Selanik'ten, Siroz'dan, Vodine'den, Serfine'den, Kayalar'dan gelen aydınlık insanlar, Bulancak'ın uygarlık birikimine büyük katkı sundular. Balkan Türkleri sadece Bulancak'ın değil, Türkiye'nin kültür varlığına büyük bir zenginlik katmıştır. Bu yönüyle de onlar ülkemizin yüz akıdır.
Adı Bulancak'la anılan hamsi böreğini yapan Selanikli kadını bilen hatırlayan yok. Belki Kayalar'dan gelen çalışkan bir kadın ilk kez yapmıştır hamsi böreğini. Galdirik mıhlaması, merevcen kavurması, çalıçileği çorbası, ısırgan yağlaşı ve diğer yemekler, sadece Bulancak'ın değil, Türkiye'nin damak zenginliğidir.

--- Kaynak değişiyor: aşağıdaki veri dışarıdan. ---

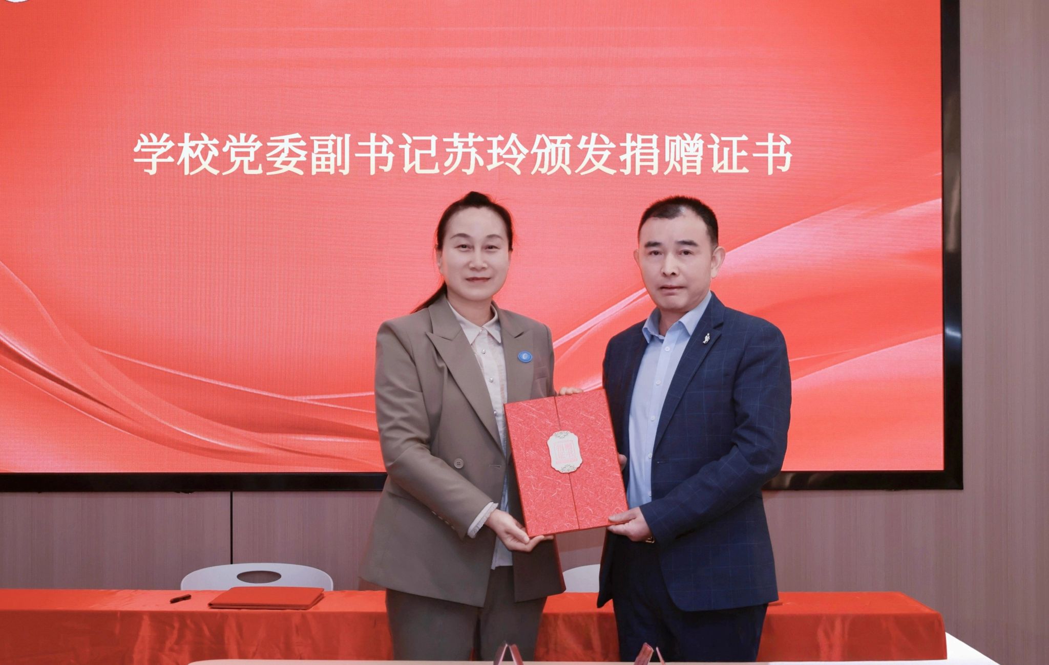 捐赠仪式上,1992届会计专业校友、亚太鹏盛税务师事务所股份有限公司合伙人孙公民向母校捐赠10万元,注入校友助学金。这是他继2024年捐赠10万元后,再次反哺母校育人事业。

Kahvehanelerde bitkin düşen birkaç kişi kimseyi yanıltmasın. Bulancaklılar üretken ve çalışkan insanlardır. Karadeniz'den fındığı sökmek isteyenler karşılarında Bulancaklıları bulmuştur. Onlar fındığın köklerine sarılarak aslında vatanlarına sahip çıkmaktadır. Bulancak'la Pülümür (Kırmızıköprü) kardeş şehir sayılır. Bahçemizdeki fındık ocağının kökleri Giresun'a kadar uzanmaktadır. İsmet öğretmenin yıllar önce bize Giresun'dan getirdiği fındık fidanı çoğalmış ve büyük bir ocak hâline gelmiştir. Böylece Giresun Pülümür'ü, Pülümür de Giresun'u sevmiştir.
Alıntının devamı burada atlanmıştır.